The above documentation was obtained from the 'Official' USS Newport News (CA-148) website
Below is the 'Official' US Naval report following the investigation into the turret two explosion
From: Vice Admiral K. S. Masterson, USN (Retired)
Vice Admiral L. M. Mustin, USN (Retired)
To: Chief of Naval Material
Via: Commander, Naval Ordnance Systems Command
Subj: USS NEWPORT NEWS (CA-148) Turret Explosion, 1 October 1972
Ref: (a) Conference 2 Oct 72 in HZ NAVORDSYSCOM among Admiral Kidd (CNM), Vice Admiral Sappington (COMNAVORDSYSCOM) and others
Encl: (1) Conf details comments
1. (U) Pursuant reference (a) we have inquired informally into the subject explosion, to assist the Chief of Naval Material, and other officers and officials as requested, in matters related thereto.
2. (U) The explosion resulted from the high-order detonation of a projectile in the fore of the center gun of turret two, which vented mainly to the inside of the turret. By some mechanism not clearly apparent, this ignited additional powder charges in all three hoists. The resulting high-energy flame propagated downward almost instantly from charge to charge in the hoists, blowing apart the hoist casings between decks in the way of ignited charges, until for some reason also not apparent, the propagation stopped just above the handling room level. Some 720 pounds of powder burned in the hoists.
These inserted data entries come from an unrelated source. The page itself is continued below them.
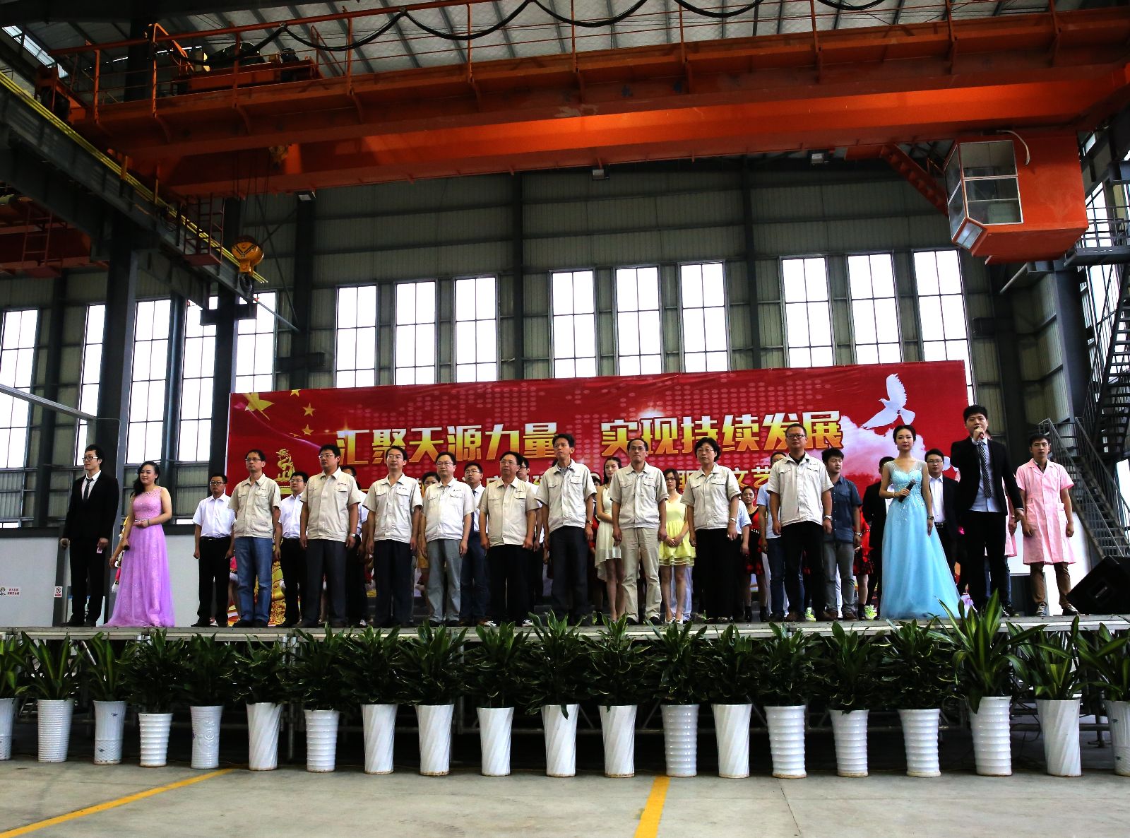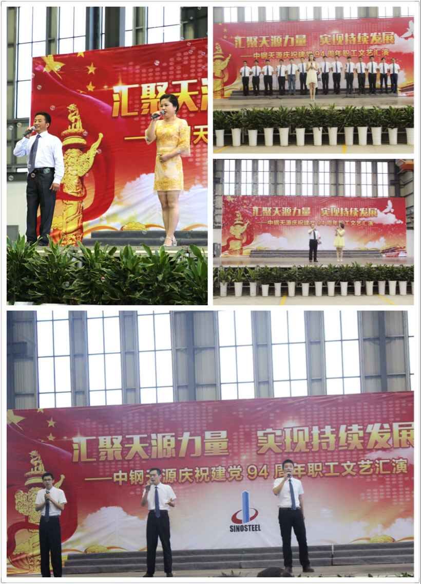 随后,文艺汇演在舞蹈《咱们工人有力量》中正式拉开序幕。歌曲《长江之歌》、《大中国》、《喀秋莎》等经典歌曲激发了全场观众爱国爱党的热情;深情并茂的诗朗诵《光荣与梦想》用感人至深的抒情诗带领观众回顾了公司成立13年来的峥嵘岁月,让在场的每一位观众为之动容;小品《致青春》、相声《满腹经纶》、《我要改行》、魔术双簧“笑果”不断,不时引起观众捧腹大笑;舞蹈《呼伦牧歌》把观众的思绪带回了蒙古大草原;广场舞《快乐给力》、《跳到北京》,爵士舞《BEST》展示了青春活力,瞬间点燃了观众的热情;黄梅戏《对花》让观众领略了黄梅戏的戏剧魅力;琵琶独奏《琵琶语》优美的旋律在燥热的夏季为观众送去了一丝清凉。最后,演出在全体人员共同唱响《没有共产党就没有新中国》的歌声中,在团结和谐、创新奋进、欢乐祥和的气氛中圆满落幕。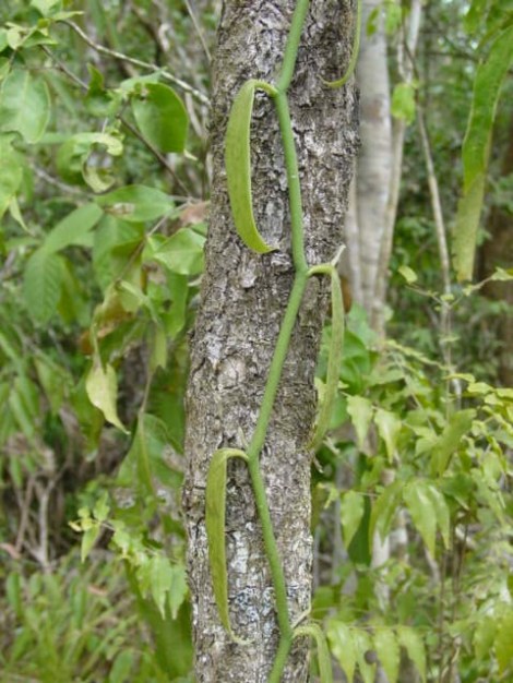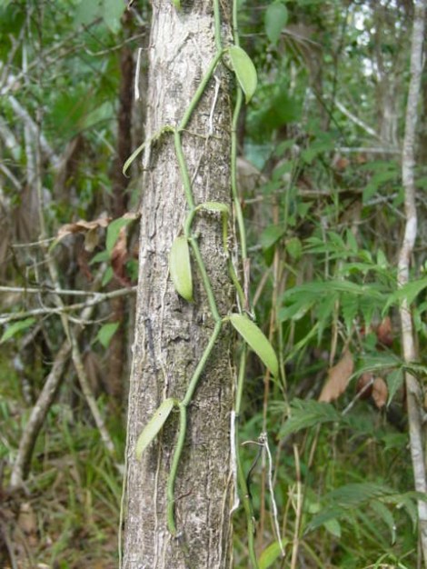 Everyone knows the wonderful taste of vanilla. The beans (not shown here) are produced by this wonderful orchid. They may be farmed, but also occur naturally from Mexico south.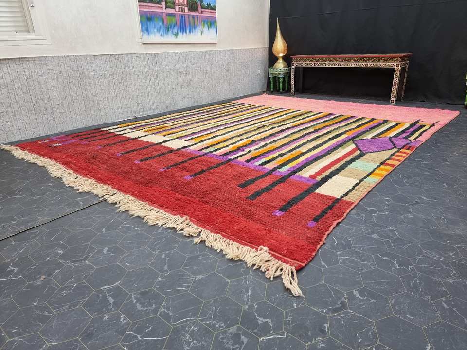 Tapis Boujaad rayé confortable 10x12, tapis berbère marocain fait à la main, tapis vintage en laine coloré bohème, rose rouge, salle de bain, cuisine

Twenty men died.
3. (C) If flame propagation down the hoists had extended a few feet further, into the handling room level below the armor deck, the extent of possible further damage and casualties might have been catastrophic. The loading scuttles at the bottom of the hoists would have been no protection if the hoists themselves had blown apart, as they did in the levels above. Events could then have led to a magazine explosion, from which the survival of the ship herself would have been in question.
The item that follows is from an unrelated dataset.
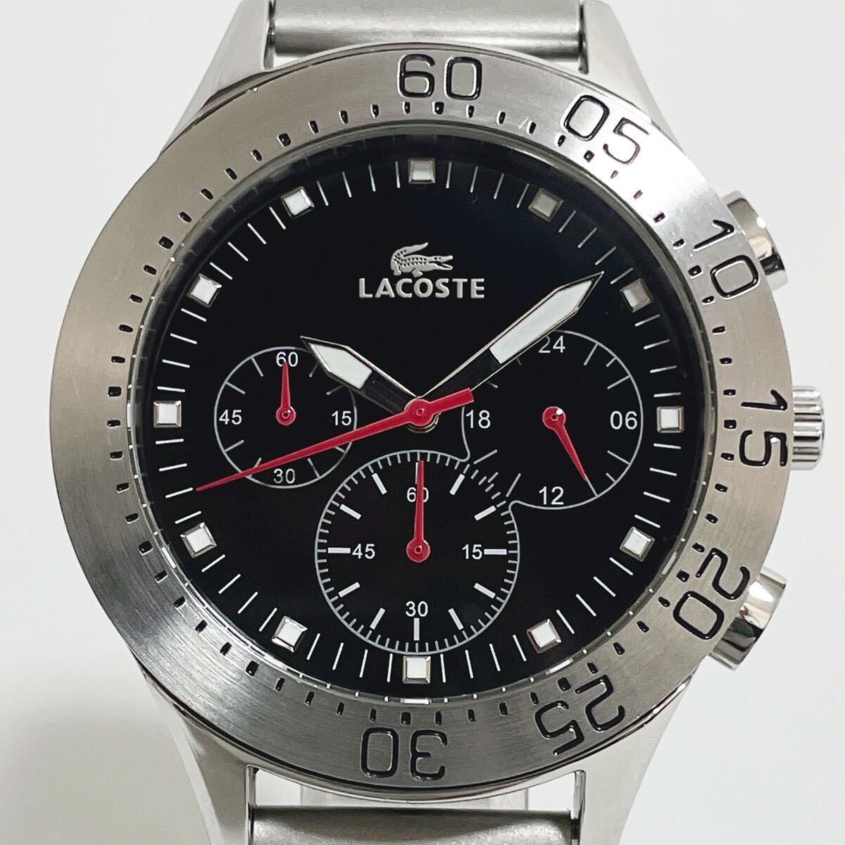 - 美品 稼働品 LACOSTE ラコステ 1500C クロノグラフ ブラック/黒文字盤 シルバー 回転ベゼル QZ クォーツ メンズ腕時計 新品電池交換済み

4.(C) In our judgment this casualty was not caused by inadequate manning, training, experience, maintenance, or operating procedures in NEWPORT NEWS; nor by defective design of the material involved. Rather, we conclude that it was caused by the premature functioning of the projectile’s auxiliary detonating fuze, which resulted from defective fuze manufacture and inadequate product acceptance inspection.
5. (C) The NEWPORT NEWS casualty adds emphasis to what, in our judgment, has become an unsatisfactory present situation with respect to Navy gun ammunition, specifically ammunition safety for fleet users. Since 1965 there have been 23 shipboard in-bore projectile explosions, which have cost millions of dollars, degraded combat readiness, and taken 24 lives. The rate per shot fired at which these explosions have occurred since that date has increased by a factor of more than 25 over the rate for the preceding nineteen years since the close of World War II. The hardware defects which cause such explosions are documented and wide-spread. Statistically, the next fleet in-bore projectile explosion could occur at any moment. It could cost us a ship.
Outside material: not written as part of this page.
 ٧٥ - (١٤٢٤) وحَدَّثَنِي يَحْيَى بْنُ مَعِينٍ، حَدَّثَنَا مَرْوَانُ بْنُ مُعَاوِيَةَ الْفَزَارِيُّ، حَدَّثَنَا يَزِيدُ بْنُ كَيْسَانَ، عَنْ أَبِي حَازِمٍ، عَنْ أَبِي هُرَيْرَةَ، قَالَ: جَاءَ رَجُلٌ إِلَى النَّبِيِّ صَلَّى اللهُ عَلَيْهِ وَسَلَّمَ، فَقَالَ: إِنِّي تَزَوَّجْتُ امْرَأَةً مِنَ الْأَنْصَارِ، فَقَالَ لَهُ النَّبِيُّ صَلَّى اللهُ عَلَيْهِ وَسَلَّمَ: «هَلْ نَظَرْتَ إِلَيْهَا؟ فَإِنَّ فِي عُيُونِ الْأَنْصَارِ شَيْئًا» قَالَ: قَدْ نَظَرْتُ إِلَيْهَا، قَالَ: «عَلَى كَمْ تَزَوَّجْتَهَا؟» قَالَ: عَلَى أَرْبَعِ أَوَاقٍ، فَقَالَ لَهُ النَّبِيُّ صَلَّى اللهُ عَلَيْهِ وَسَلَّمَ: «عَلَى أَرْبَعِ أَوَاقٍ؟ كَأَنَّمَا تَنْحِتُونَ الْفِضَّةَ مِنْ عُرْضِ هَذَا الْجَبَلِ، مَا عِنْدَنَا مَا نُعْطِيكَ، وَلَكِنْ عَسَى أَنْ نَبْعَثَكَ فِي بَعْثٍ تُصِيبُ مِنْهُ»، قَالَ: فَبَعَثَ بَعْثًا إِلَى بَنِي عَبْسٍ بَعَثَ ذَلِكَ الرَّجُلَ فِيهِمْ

6. (C) In our further judgment, the correlation is clear between the foregoing situation and the organizational changes of recent years which have degraded command management and control over ammunition technical matters. The chain of that command is now so diffuse that effective hard-nosed control, with authority, responsibility, and accountability, does not appear to exist. It once did. We consider that it must be reestablished. More lives are hostage until it is.
7. (U) Enlosure (1) contains additional details, including recommendations for consideration by the Chief of Naval Material and COMNAVORDSYSCOM. Also is the enclosure are certain recommendations which appropriate levels of fleet command may wish to consider.
8. (U) This report is classified CONFIDENTIAL for administrative security pending release of the formal investigation. It may be declassified thereafter.
K. S. Masterson
L. M. Mustin
** This information was found in the USS Newport News’ Ship’s history file at the Naval History Center the Navy Yard in Washington, DC. These documents have been declassified. The various reference documents listed in the report were not available. Also, any follow recommendations or procedural changes can not be confirmed.